Friday, November 15, 2019

At the Heart of the Credit Crisis Is the Network of Highly-Leveraged Off-Balance-Sheet Vehicles—the Shadow Banking System

Pozsar’s initial paper outlined the “constellation of forces that drove the emergence of the network of highly-leveraged off-balance-sheet vehicles—the shadow banking system—that is at the heart of the credit crisis.”

Off-balance sheet (OBS) is an accounting maneuver used by companies to reduce their debt levels for reporting purposes. Enron perfected the use of OBS partnerships to hide its true liabilities from regulators and shareholders. Many at the Fed believed the OBS demon had been forever exorcized with Enron’s fall. But the demon had grown and metastasized, spreading little cancers throughout the financial system.

The resurrection of OBS vehicles had been made possible because banking had been reshaped by deregulation, innovation, and competition. Then the Fed lowered interest rates, creating “an abundance of credit for borrowers and a scarcity of yield for investors.” (Thank you, Alan Greenspan!)

Pozsar pinpointed the 1988 Basel I Accord as the main catalyst for the growth and advances of “credit risk transfer instruments” like CDOs [Collateralized Debt Obligations], MBSs [Mortgage-Backed Securities], asset-backed securities (ABS), asset-backed commercial paper (ABCP), commercial mortgage-backed securities (CMBS), and so on.

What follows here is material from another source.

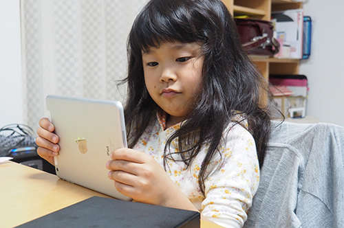 「DVDが見られるの?」とニコニコしながらタブレットを抱えていた娘。夢中で見始めた。
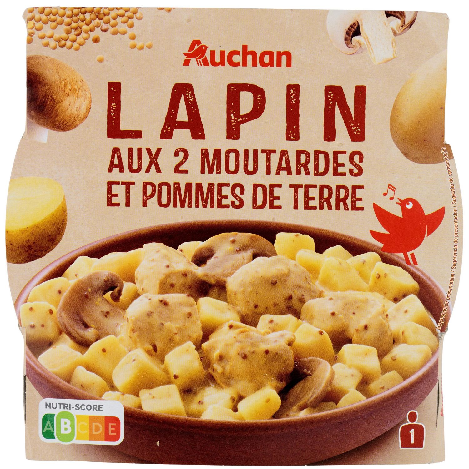Ingrédients : Pommes de terre 30% (antioxydant : acide ascorbique, conservateur : DISULFITE de sodium), viande de lapin traitée en salaison précuite 25% (viande de lapin 23% (origine UE), eau, sel, amidon de pois), eau, champignons de Paris 6%, MOUTARDE de Dijon 6% (eau, graines de MOUTARDE, vinaigre d'alcool, sel, conservateur : SULFITE acide de sodium), crème (LAIT origine UE), MOUTARDE à l'ancienne 3% (eau, graines de MOUTARDE, vinaigre d'alcool, sel), amidon modifié de maïs, huile de colza, vin blanc, sucre, épices et plantes aromatiques (ail, oignon et curcuma en poudre), gélifiants : gomme guar, gomme xanthane, poivre. Traces éventuelles de céréales contenant du gluten, œuf, poisson, soja, fruits à coque, mollusques. Pourcentages exprimés sur le total de la recette.

Issued after the banking crises of the late 1980s, the new Basel rules required that banks meet a minimum capital requirement and hold even more against riskier assets. For investment bankers seeking to maximize profits, and thus their own compensation, the changes created the need to hide liabilities in the shadows.

—Danielle DiMartino Booth, Fed Up: An Insider's Take on Why the Federal Reserve Is Bad for America (New York: Portfolio Penguin, 2017), e-book.